Received Jan. 28, 2003; revision received July 9, 2003; accepted July 29, 2003. From the Department of Psychiatry, Johns Hopkins University School of Medicine, Baltimore. Address reprint requests to Dr. Blass, Johns Hopkins Hospital, 600 North Wolfe St., Meyer 279, Baltimore, MD 21287-7279; dmblass{at}jhmi.edu (e-mail).

Temperature dysregulation, a known side effect of antipsychotic medications, is thought to be mediated by the effects of these medications on hypothalamic neurotransmission. These agents most commonly cause hyperthermia,¹ although they can also cause hypothermia, a fact that highlights the complexity of the temperature regulation system.^2,3 Ambient temperature may be a factor in whether hypothermia or hyperthermia is the outcome, at least in animals.⁴ The most dramatic and devastating syndrome of temperature dysregulation due to antipsychotics is neuroleptic malignant syndrome, a life-threatening emergency typically presenting as hyperthermia, muscle rigidity, delirium, and autonomic instability.⁵ Neuroleptic malignant syndrome has been described in patients treated with typical antipsychotic agents,⁶ as well as in patients treated with the newer atypical antipsychotics.^7–11

Hypothermia, traditionally defined as a drop in core body temperature below 35°C (95°F), is also a known side effect of both typical and atypical antipsychotic agents.^3,12,13 Chlorpromazine had been used in the past to induce hypothermia for the purposes of general anesthesia.¹⁴ In clinical practice the most common causes of hypothermia are prolonged exposure to cold temperature and general medical conditions such as infection and hypothyroidism, but exposure to antipsychotic medications is a notable cause of the condition as well.¹⁵

The atypical antipsychotic olanzapine was introduced into the United States market in 1996. Since its introduction into clinical use, only three case reports of hypothermia associated with olanzapine use have been published.^16–18 We present here a fourth case in which there is an association between olanzapine use and hypothermia.

Case Report

Brief History
Ms. A, a 64-year-old African American woman with a 40-year history of bipolar disorder, was admitted to the Johns Hopkins Hospital Geriatric Psychiatry Inpatient Service due to irritability, decreased sleep, pressured speech, and thought disorder that had developed over a period of weeks.
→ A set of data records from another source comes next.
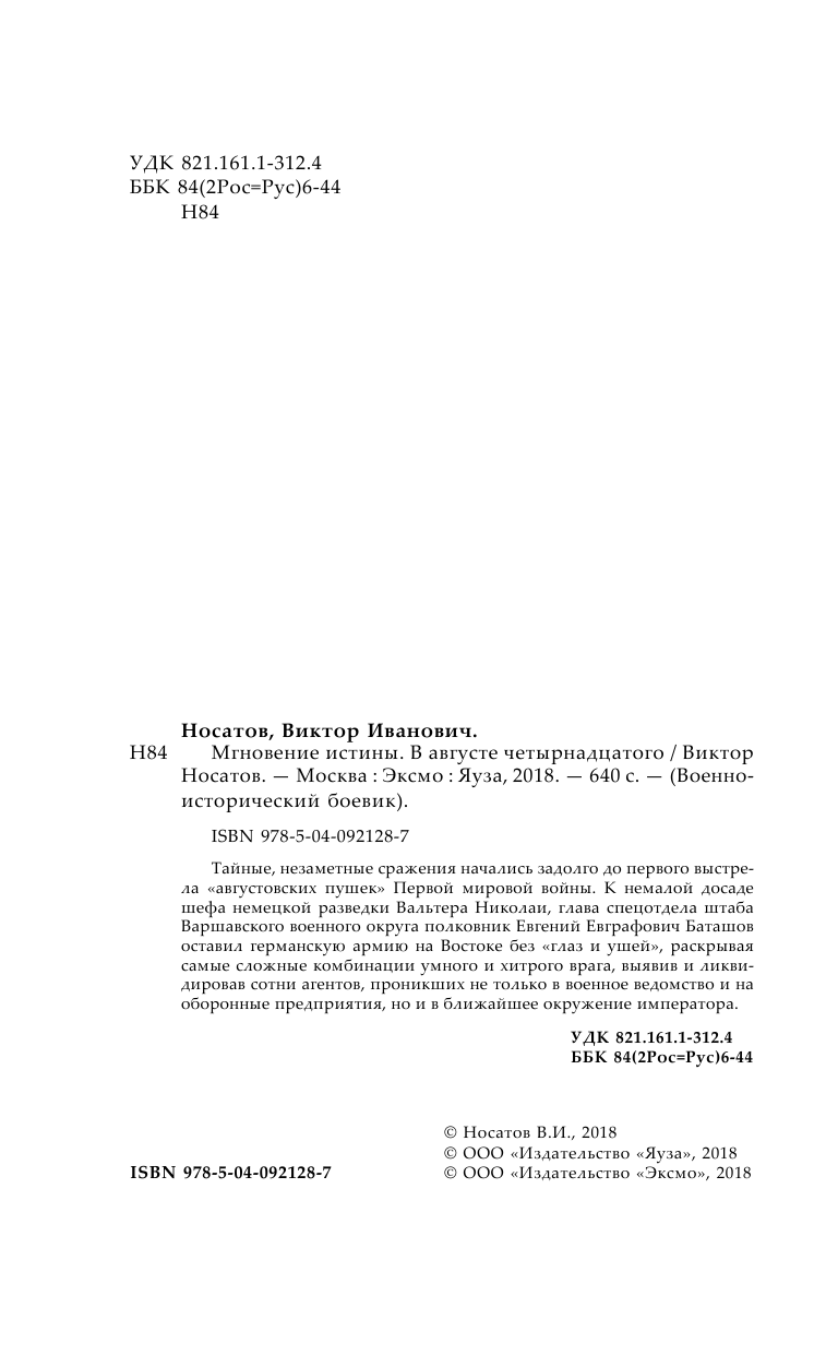 Мгновение истины. В августе четырнадцатого (Носатов Виктор Иванович); ООО "Издательство "Эксмо", 2018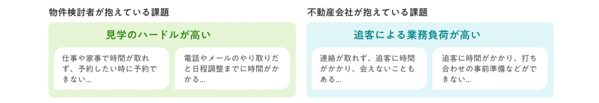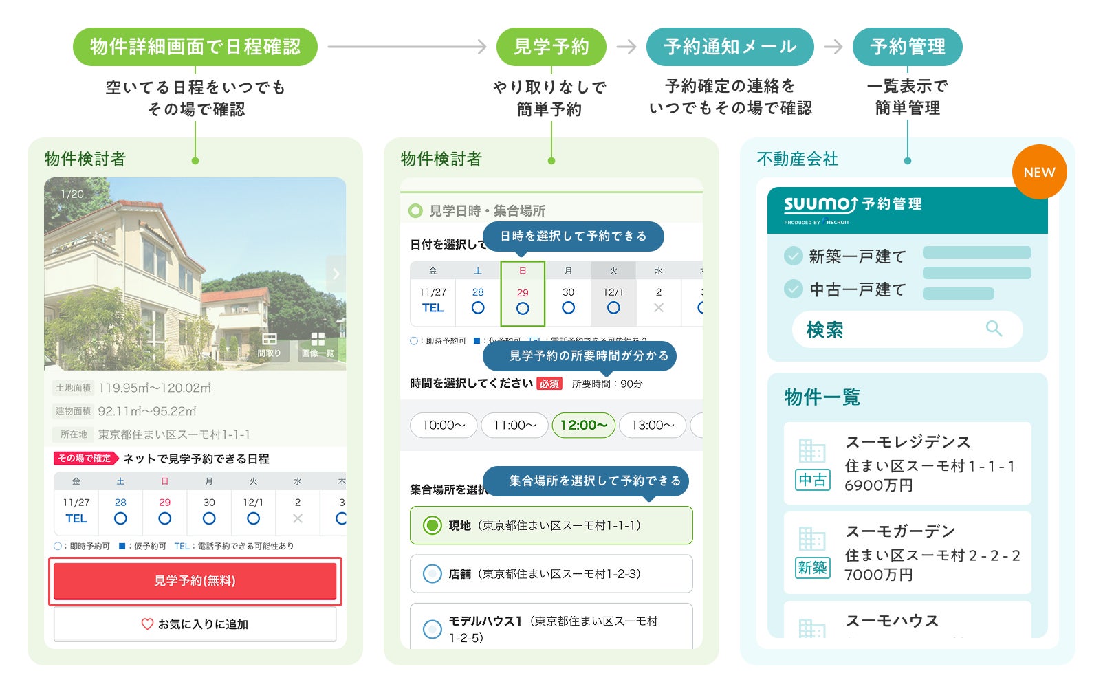 これまで『SUUMO』ユーザーが新築・中古一戸建てや中古マンション、土地を探す際は、資料請求してから見学希望日を電話やメールなどで不動産会社に伝える必要があり、実際に見学するまでにやりとりが何度も発生していました。不動産会社にとっても、まだ検討段階で資料請求だけをしたい方とすぐに物件の見学をしたい方を判別することが難しく、まだ見学を希望していない方を含めて多くの電話やメールのやりとりなどのアナログな作業を行う必要がありました。その結果、「日程調整をしているうちに希望物件が売れてしまった」「購入検討者に何度か電話したが、つながらないため購入意欲が低いと判断した」といった擦れ違いが発生していました。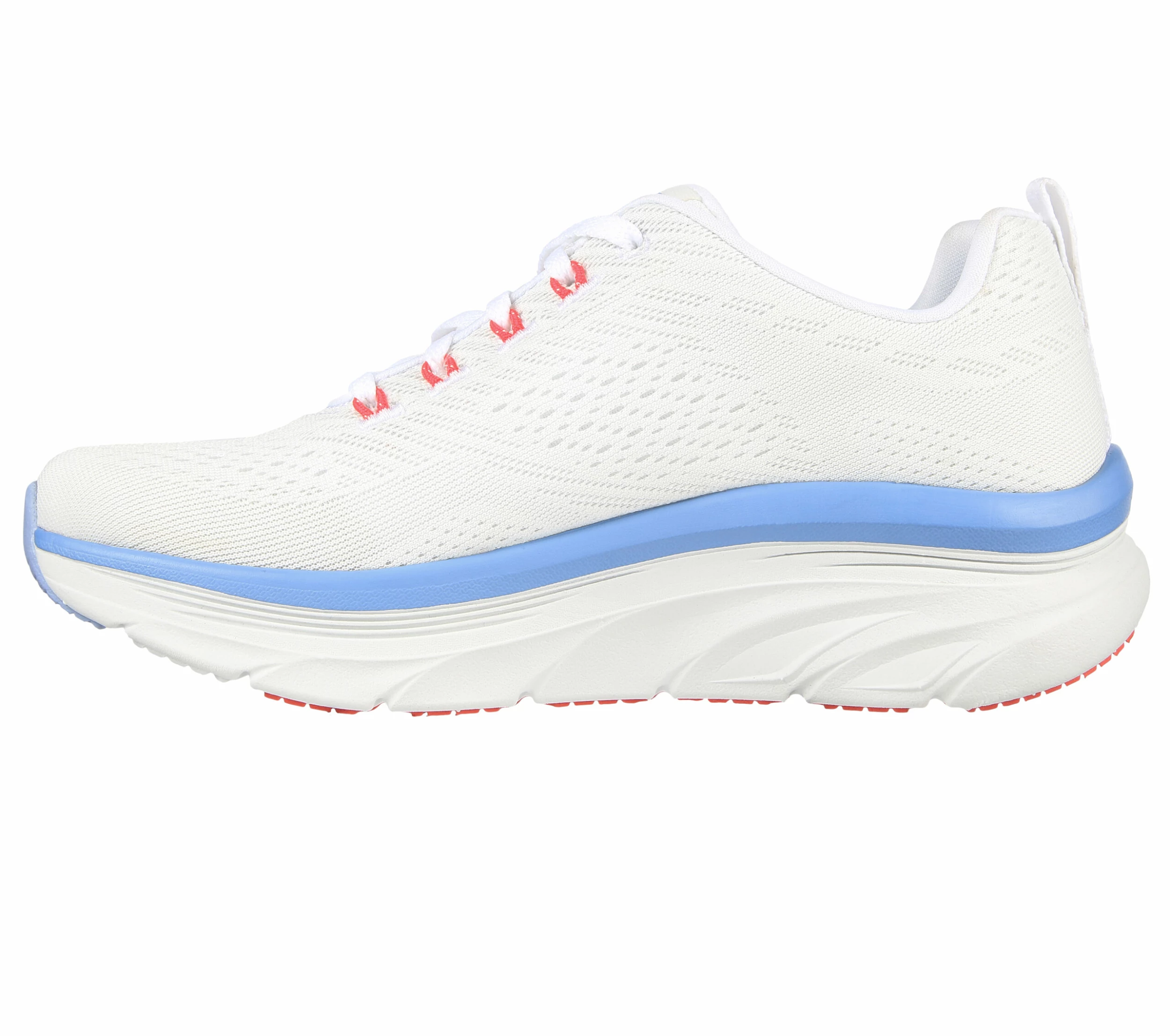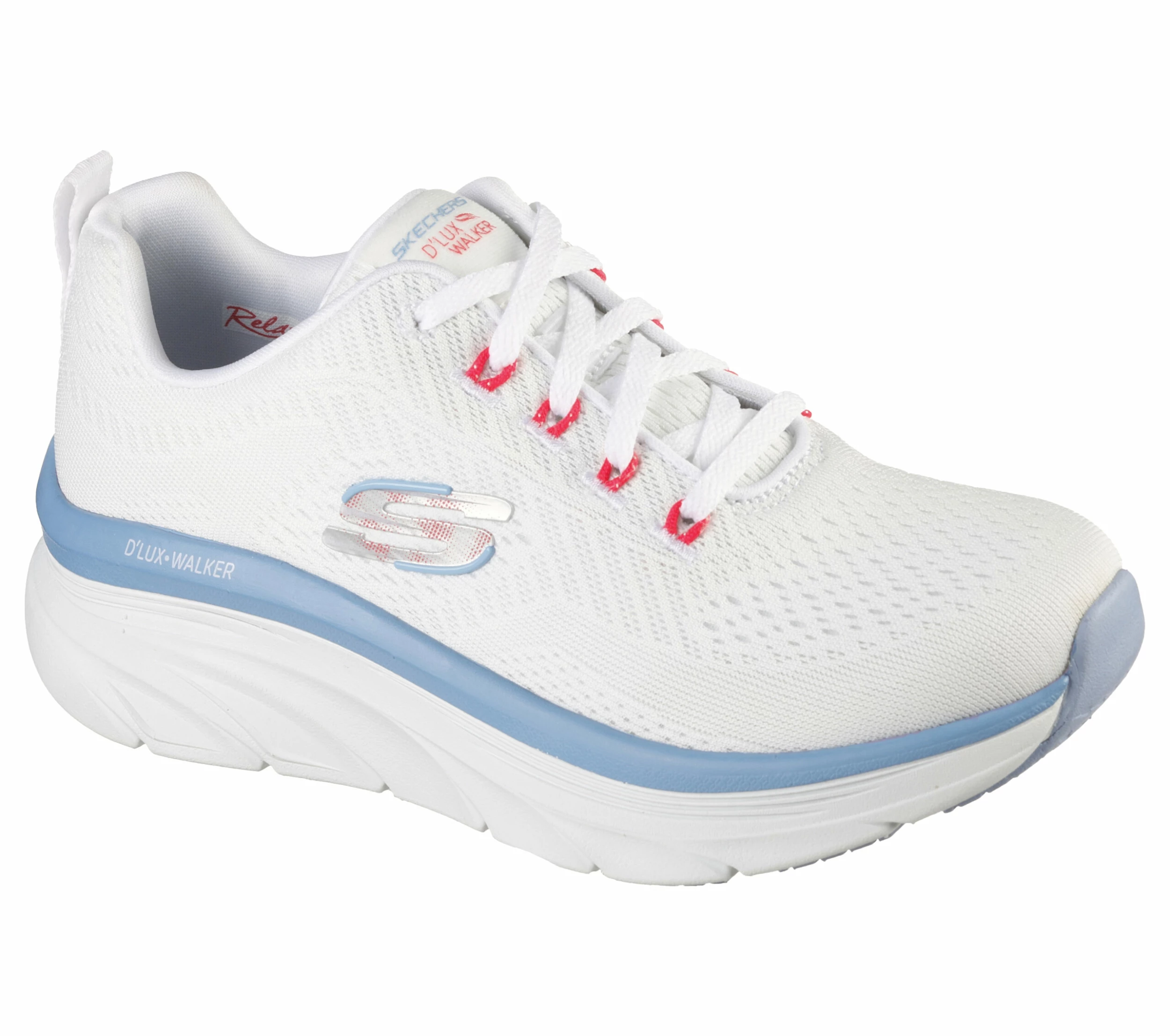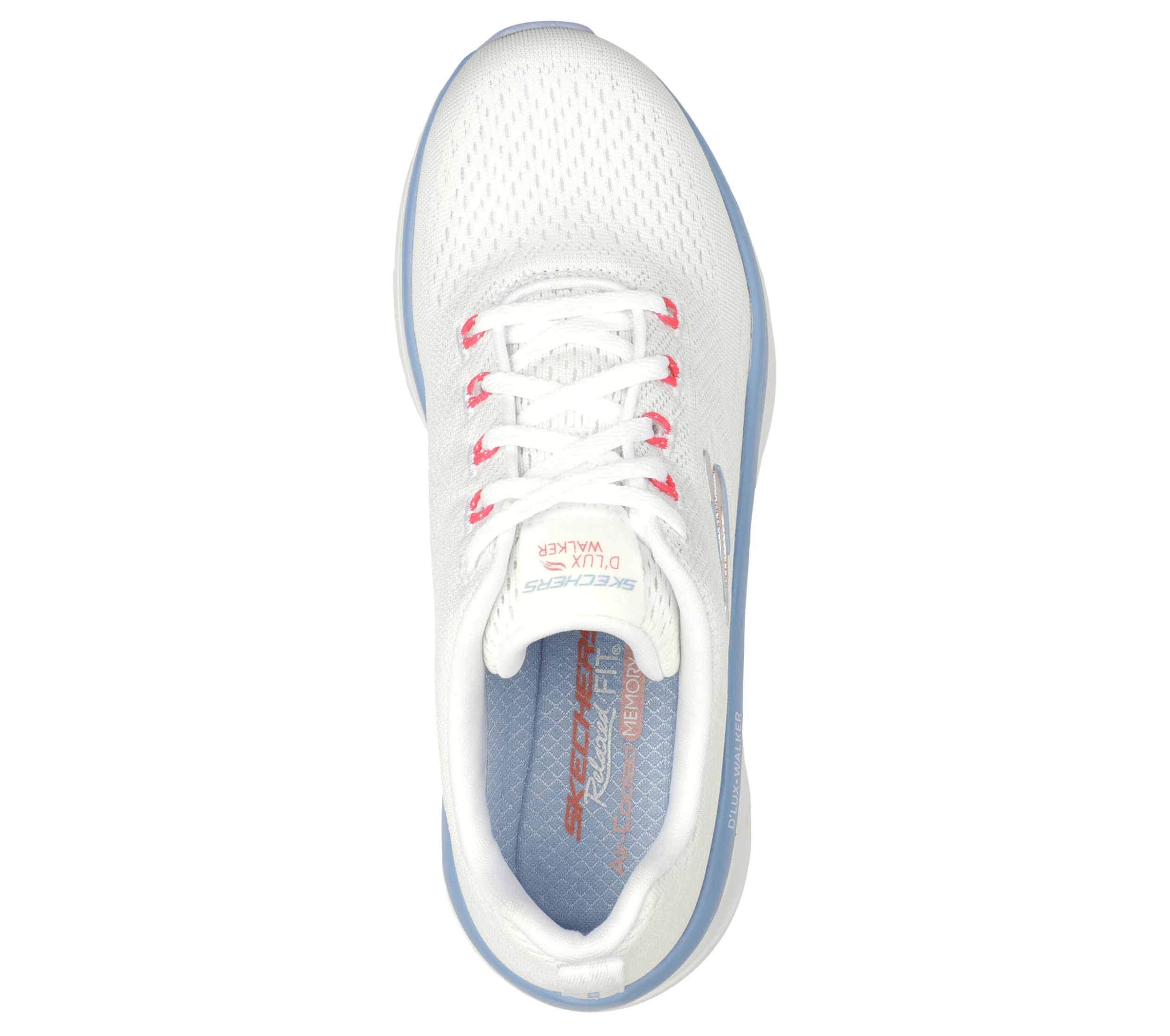 Step up your walks with a boost of well-cushioned comfort wearing Skechers Relaxed Fit®: D’Lux Walker – Fresh Finesse. This lace-up features an engineered mesh upper with a Skechers Air-Cooled Memory Foam® insole and a cushioned platform midsole.

Her family history was notable for a number of first-degree relatives with unipolar major depression, one with bipolar disorder, and one with schizophrenia. Ms. A had received a diagnosis of bipolar disorder at age 24 years, and since then she had been hospitalized occasionally for both mania and depression. She had no history of substance abuse. She had been educated through the ninth grade, was a homemaker, and had been receiving disability benefits related to her psychiatric condition for about 20 years. At the time of admission, Ms. A was living with her adult children.

Her past medical history included diabetes mellitus type II, hyperlipidemia, chronic anemia, chronic lower extremity edema, glaucoma, vaginal bleeding due to a uterine cyst, and a history of right knee and left ankle fractures. Three months before this admission, she had received a diagnosis of hyperthyroidism secondary to viral thyroiditis. At that time, her unbound T₄ level was 3.2 ng/dl (compared with a normal level of 0.7–1.6 ng/dl), and her thyrotropin (TSH) level was <0.02 µU/ml (compared with a normal level of 0.50–4.50 µU/ml). The hyperthyroidism resolved without treatment. By 1 month before hospitalization, her thyroid functions had normalized (her unbound T₄ level was 0.9 ng/dl, and her TSH level was 0.32 µU/ml).

At admission, Ms. A was receiving the following medications: 2.5 mg h.s. of olanzapine, 500 mg q.a.m. and 1000 mg q.h.s. of divalproex sodium, 10 mg h.s. of glipizide, 20 mg/day of furosemide, 10 mg h.s. of atorvastatin, 20 mg/day of lisinopril, 300 mg b.i.d. of ferrous sulfate, 100 mg b.i.d. of docusate sodium, 187 mg h.s. of senna, and one drop per day of pilocarpine ophthalmic solution in each eye. She had no known drug allergies.

At admission, a mental status examination revealed a slightly obese woman who was alert and cooperative. Eye contact was normal, and there were no abnormal movements. Her speech was pressured, with flight of ideas and pronounced thought disorder. She described her mood as "top of the world," and she appeared elated. She had no suicidal or homicidal ideation. There was no evidence of hallucinations or delusions. She initially was unable to cooperate with a cognitive examination, but a few days later she was assessed with the Mini-Mental Status Examination, on which she had a normal score of 28/30. A physical examination revealed that her blood pressure was 110/60 mm Hg, her pulse was 68 bpm, her respiratory rate was 20 per minute, and her oral temperature was 36.9 °C. The results of the remainder of the physical examination were normal, except for a finding of chronic bilateral lower extremity edema.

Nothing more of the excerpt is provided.